Spanish singer and songwriter (born 1975)

Rubén Pozo Prats (born 21 July 1975) is a Spanish musician singer and songwriter. In the second half of the 90s he formed a band called "Buenas Noches Rose", which he recorded three CD's. After the breaking up of the band he created the group "Pereza" with Leiva (Jose Miguel Conejo).

==Biography==
Ruben Pozo was born in Barcelona and grew up in the neighbourhood of Alameda de Osuna, Madrid. He started playing the guitar when he was a teenager interpreting the groups he liked, such as "Extremoduro, Barricada, Kiko Veneno, Pepe Risi, Santiago Auseron or Sabino Méndez". He also was influenced by the English Rock With groups like The Rolling Stones, The Beatles, Marc Bolan and The New York Dolls.

He had not finished high school yet when he formed the band Buenas Noches Rose, being the guitarist and the songwriter of the group. Apart from their own songs, the group also made their own version of songs from Leño and Led Zeppelin.

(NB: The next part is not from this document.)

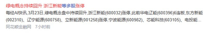 绿电概念盘中持续回升,浙江新能涨停,此前华电辽能6连板,东方新能、辽宁能源、立新能源涨停,宁波能源、芯能科技、电投能源、永泰能源跟涨。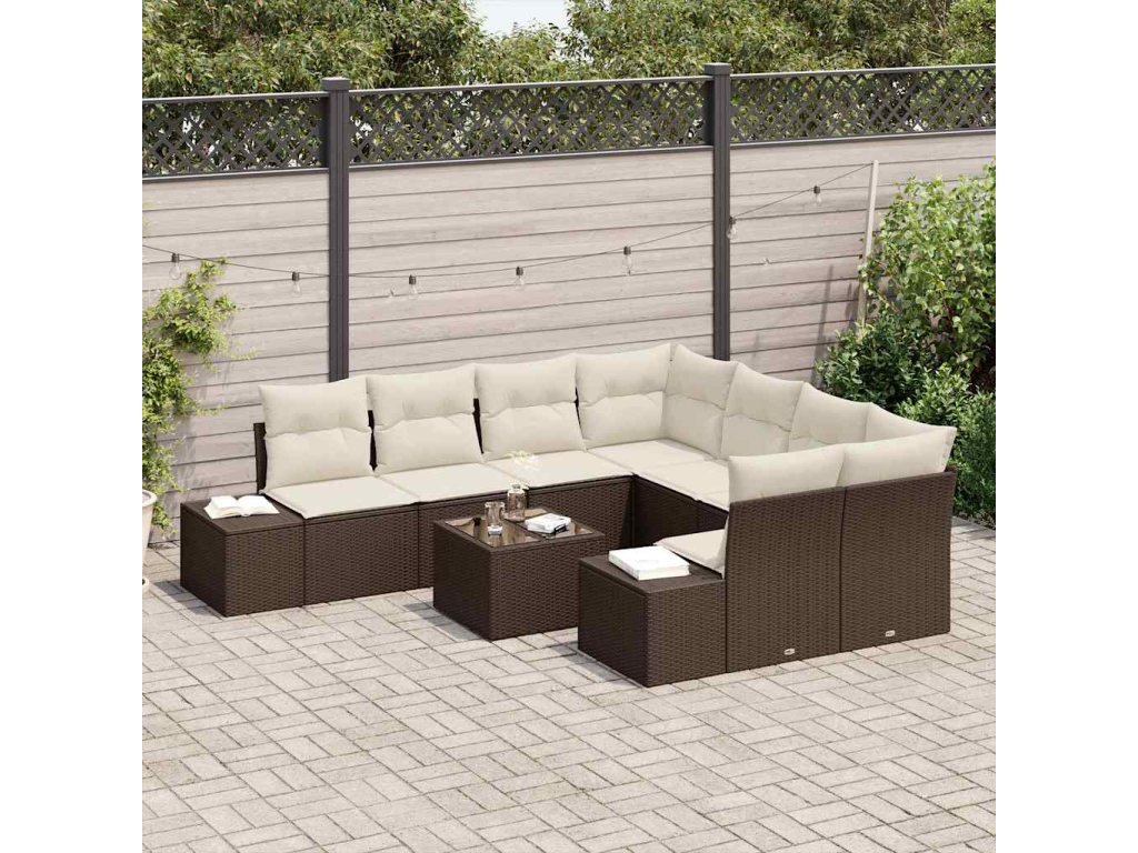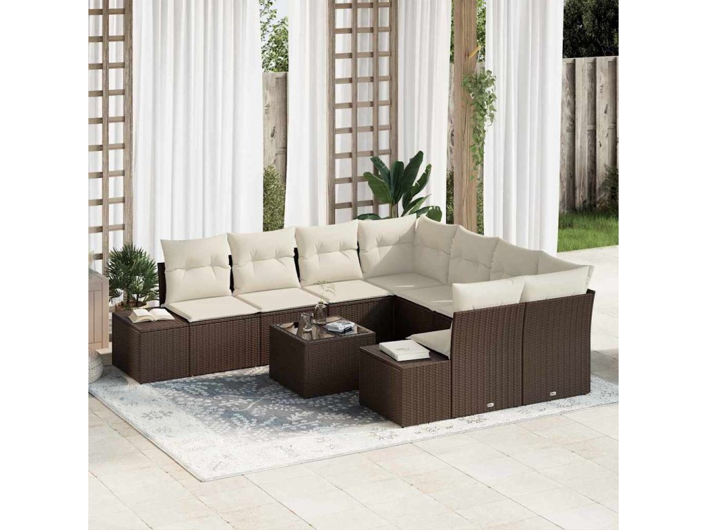 Sada zahradních pohovek 9 pcs Hnědá a krémová polyratan 3355667

The group recorded three Cds: "Buenas noches Rose (1992), La danza de araña(1997) and La estación seca(1999)”.

After the group broke up, he started a new group with José Miguel Conejo Torres (also known as Leiva) and the drummer Tuli calledPereza. In their first album, Pereza(2001), Ruben was the main singer, but in the next ones Leiva took the role instead of Rubén.
In just a few years Pereza started to be really popular and it reached a lot of success. With collaborations from other artists such as Alejo Estivel, Miguel Rios, Andrés Calamaro or Ariel Rot, Ruben has also collaborated with Joaquín Sabina, for who he wrote the song "Embustera" which was included in the CD "Vinagre y rosas" and "Poncho K" ("el ultimo sol") and "Ivan Ferreiro"(SPNB). In this times he also was the producer of the discs "Pequeño Salvaje"(group owned by the actor Fede Celada and the ex-singer of Buenas Noches Rose, Jordi Skywalker).

After the separation of Pereza (although Leiva and Ruben still have a good relationship) and a period of charm, by the end of 2011 he starts working on a new band, with the aim of composing his first solo album, which was released in the spring of 2012 with the name "Lo que más". In the months of October and November 2012, he started a tour with the guitar in certain cities. He called it "Menos es Más", to name it in relation with the name of the CD "Lo que más" and to make reference to the fact that he would be acting alone without a band and just with his guitar as a "Llanero Solitario".

==Discography==
===Buenas Noches Rose===
- Buenas Noches Rose ("Good Night Rose")(1995)
- La Danza de la Araña ("The spider's Dance")(1997)
- La Estación Seca ("The dry season") (1999)

===Pereza===
In 1998 Ruben and José Miguel Conejo Torres got together with the intention of making new versions of Leño's songs. They were singing in a normal bar when a man saw them and he immediately got interested on them. Few months later they signed their first contract with a multinational and recorded their first album.

- 2001: Pereza. ("Laziness")
- 2002: Algo para cantar. ("Something to sing")
- 2003: Algo para encantar, DVD.
- 2004: Algo para cantar (edición especial).
- 2005: Animales. ("Animals")
- 2005: Princesas, DVD.
- 2006: Los amigos de los animales, (+DVD).
- 2006: Barcelona (DVD + CD).
- 2007: Aproximaciones. ("Approximations")
- 2009: Baires, libro CD y DVD.
- 2009: Aviones. (+DVD) ("Planes")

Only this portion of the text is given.